WORK REQUIRED
When you spot the word "corte" in a line of the data below, copy that line.

RECORDS PROVIDED
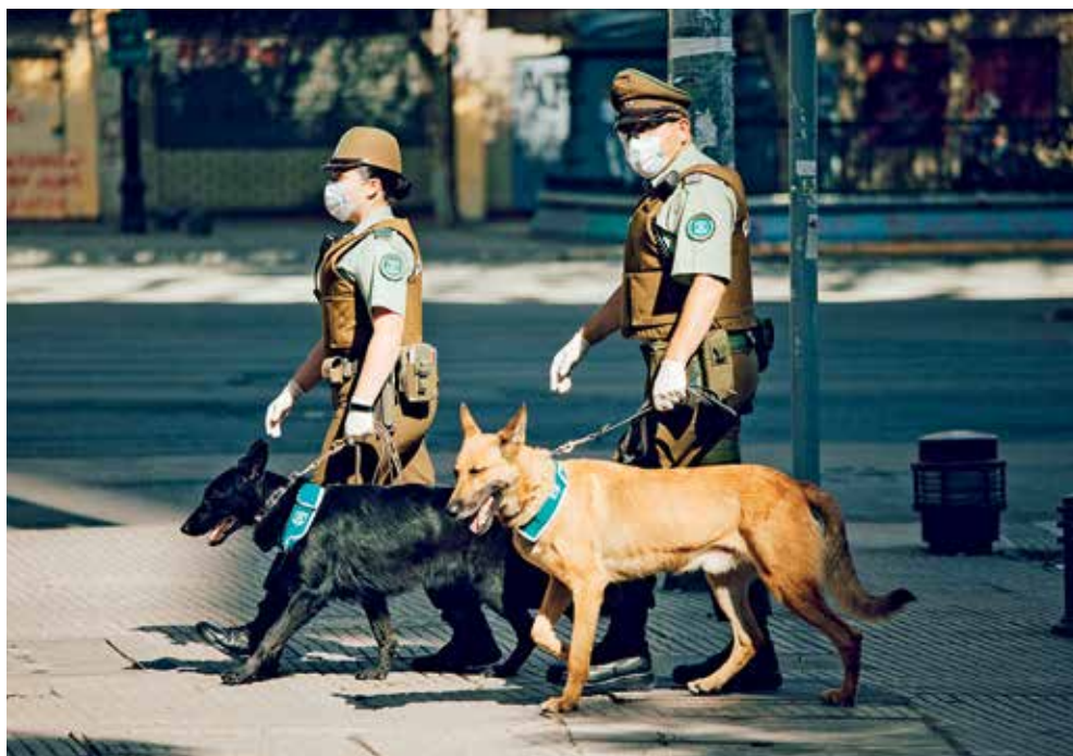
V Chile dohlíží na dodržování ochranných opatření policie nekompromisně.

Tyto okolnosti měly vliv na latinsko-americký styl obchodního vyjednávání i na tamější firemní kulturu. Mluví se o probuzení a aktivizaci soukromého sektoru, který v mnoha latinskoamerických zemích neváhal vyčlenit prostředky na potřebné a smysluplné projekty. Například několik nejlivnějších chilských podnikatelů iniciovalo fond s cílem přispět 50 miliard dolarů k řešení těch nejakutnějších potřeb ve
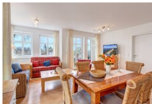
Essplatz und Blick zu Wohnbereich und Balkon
==
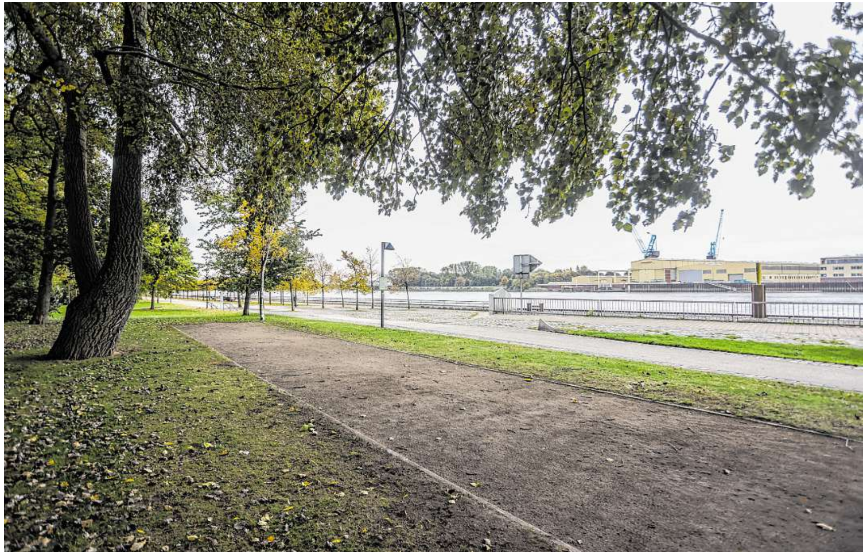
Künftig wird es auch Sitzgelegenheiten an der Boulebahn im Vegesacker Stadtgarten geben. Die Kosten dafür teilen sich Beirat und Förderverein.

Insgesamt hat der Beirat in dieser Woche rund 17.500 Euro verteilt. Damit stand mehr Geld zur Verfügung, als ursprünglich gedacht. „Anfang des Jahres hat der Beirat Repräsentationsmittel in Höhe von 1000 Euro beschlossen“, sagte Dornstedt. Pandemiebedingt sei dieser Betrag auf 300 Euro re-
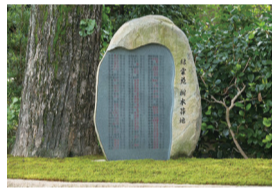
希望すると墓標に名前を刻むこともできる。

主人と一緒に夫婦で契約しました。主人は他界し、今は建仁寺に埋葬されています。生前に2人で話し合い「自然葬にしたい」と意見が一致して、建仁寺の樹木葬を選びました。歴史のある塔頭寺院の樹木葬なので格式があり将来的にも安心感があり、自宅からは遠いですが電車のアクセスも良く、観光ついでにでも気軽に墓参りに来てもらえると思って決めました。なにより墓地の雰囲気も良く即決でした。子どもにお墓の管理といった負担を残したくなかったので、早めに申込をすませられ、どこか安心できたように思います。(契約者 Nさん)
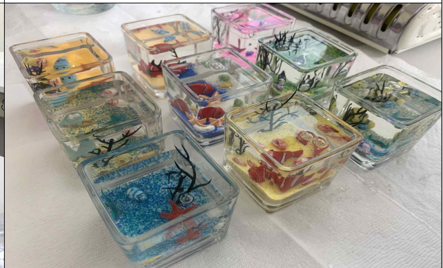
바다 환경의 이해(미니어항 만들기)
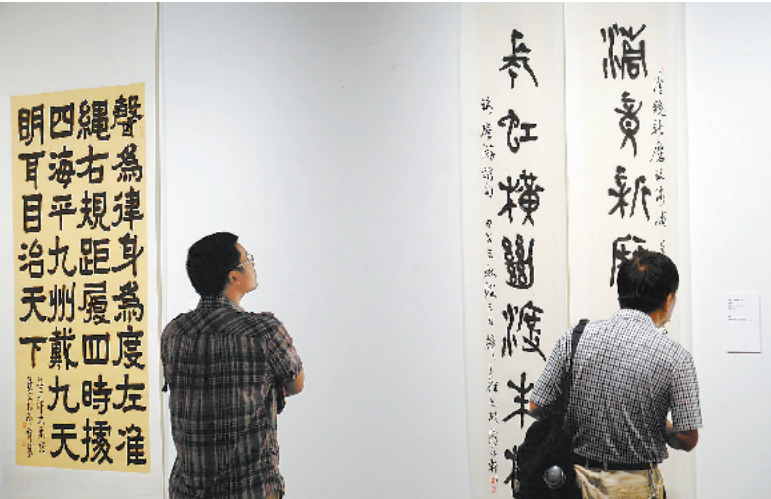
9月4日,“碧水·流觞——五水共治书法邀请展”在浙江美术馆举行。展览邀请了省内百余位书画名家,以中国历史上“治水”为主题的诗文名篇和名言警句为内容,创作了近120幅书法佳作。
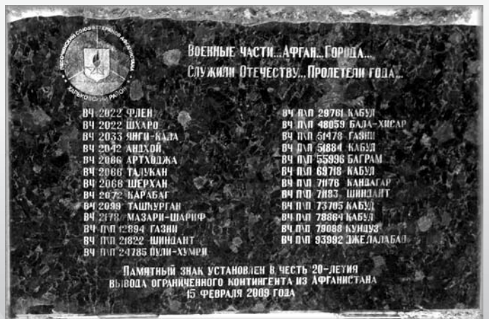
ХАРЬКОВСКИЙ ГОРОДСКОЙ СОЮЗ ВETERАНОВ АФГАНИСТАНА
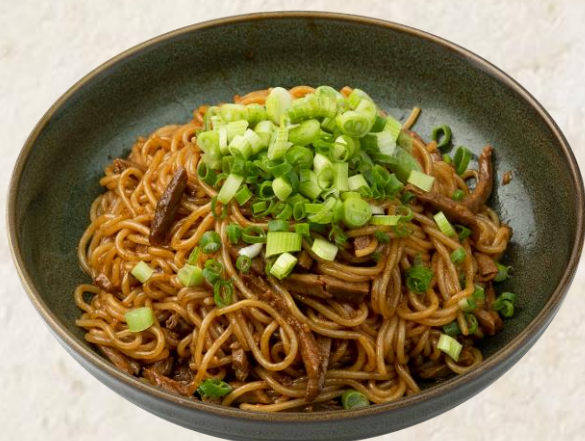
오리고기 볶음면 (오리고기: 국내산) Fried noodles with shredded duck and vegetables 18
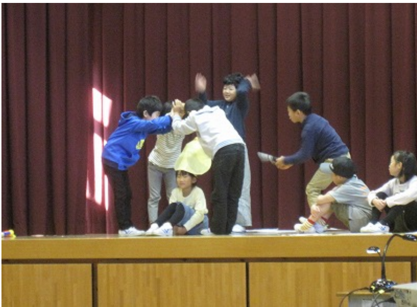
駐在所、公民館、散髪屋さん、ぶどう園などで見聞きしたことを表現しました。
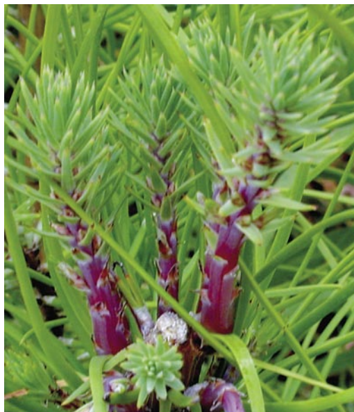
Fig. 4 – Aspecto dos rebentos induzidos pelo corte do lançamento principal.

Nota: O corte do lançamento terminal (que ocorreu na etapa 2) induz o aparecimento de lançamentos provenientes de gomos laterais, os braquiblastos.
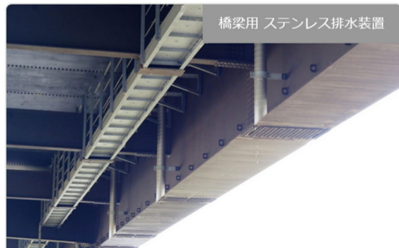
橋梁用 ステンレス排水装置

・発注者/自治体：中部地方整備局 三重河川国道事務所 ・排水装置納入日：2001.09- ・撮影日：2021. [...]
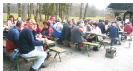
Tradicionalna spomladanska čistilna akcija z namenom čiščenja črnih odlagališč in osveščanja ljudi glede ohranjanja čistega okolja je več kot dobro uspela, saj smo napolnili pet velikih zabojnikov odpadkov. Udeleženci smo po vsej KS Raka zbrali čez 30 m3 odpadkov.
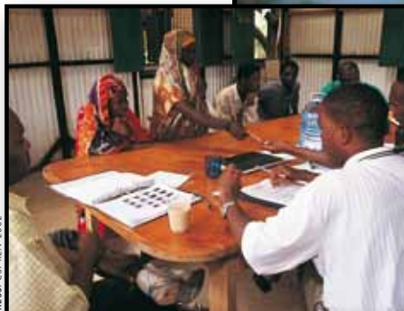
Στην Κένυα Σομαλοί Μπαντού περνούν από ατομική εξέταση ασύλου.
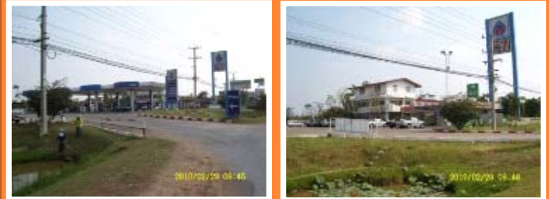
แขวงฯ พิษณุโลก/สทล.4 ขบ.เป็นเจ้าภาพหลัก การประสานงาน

FINAL ANSWER
Fig. 4 – Aspecto dos rebentos induzidos pelo corte do lançamento principal.
Nota: O corte do lançamento terminal (que ocorreu na etapa 2) induz o aparecimento de lançamentos provenientes de gomos laterais, os braquiblastos.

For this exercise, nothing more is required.